From my experience, most editors prefer arts policy discussion to proper art criticism, topics that have more social relevance. This is quite essential, since the powers of different local authorities are often unchecked, while their decisions lacked transparency. However, it has also the danger of overshadowing reviews. We have actually over a thousand local exhibitions each year, unfortunately, most of them disappeared without stirring any critical responses. And what good does it do, if the many new art archives are collecting nothing substantial but invitation postcards?

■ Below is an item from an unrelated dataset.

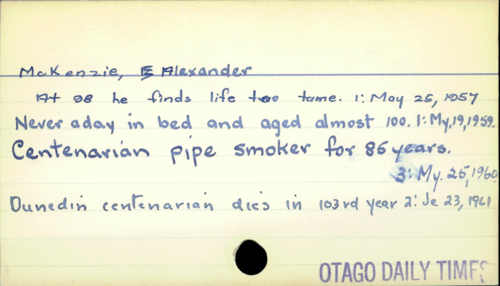 Dunedin Public Libraries (29th Mar 2021). McKenzie, Alexander. In Website Dunedin Public Libraries. Retrieved 27th Mar 2026 03:39, from https://dunedin.recollect.co.nz/nodes/view/176511
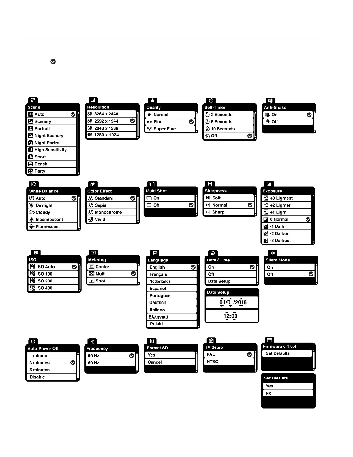 Vivitar DVR 808HD - Photo Capture Mode Menus

It is true that as more artists are get funding from the Arts Development Council (ADC), articles commissioning for exhibition catalogues are rising, but it could never replace the reviews. How to generate a space for independent contributors is still an urgent issue. The present mentality of ADC letting each small field, like dance or visual art, publishing their own criticism, is not only an inefficient, out-dated mode, more fatalistically, it restricts the potential readership.
It seems that our administrators have simply too strong an opinion on what they want (instead of what the practitioners truly need or could provide), and too rigid a bureaucracy to response to the spontaneous local artistic practices. ADC now do support some critics associations, but like the bi-monthly of the International Association of Theatre Critics (HK), it cannot even fulfill the ADC guideline to pay the contributors! And they are supposed to fight for critic’s rights?
If ADC had sponsored the art criticism website aRTHK that I founded, by lifting the cost of traditional publication, I could at least manage to pay some reasonable fee to the writers. Yet, I am happy that aRTHK is still independent today, for we could speak as much against article 23 as we want there. The continuous neglect of the local development of art criticism, one might perhaps have the right to fear, is a sort of hidden criticism censorship by the authorities via resource allocation priority.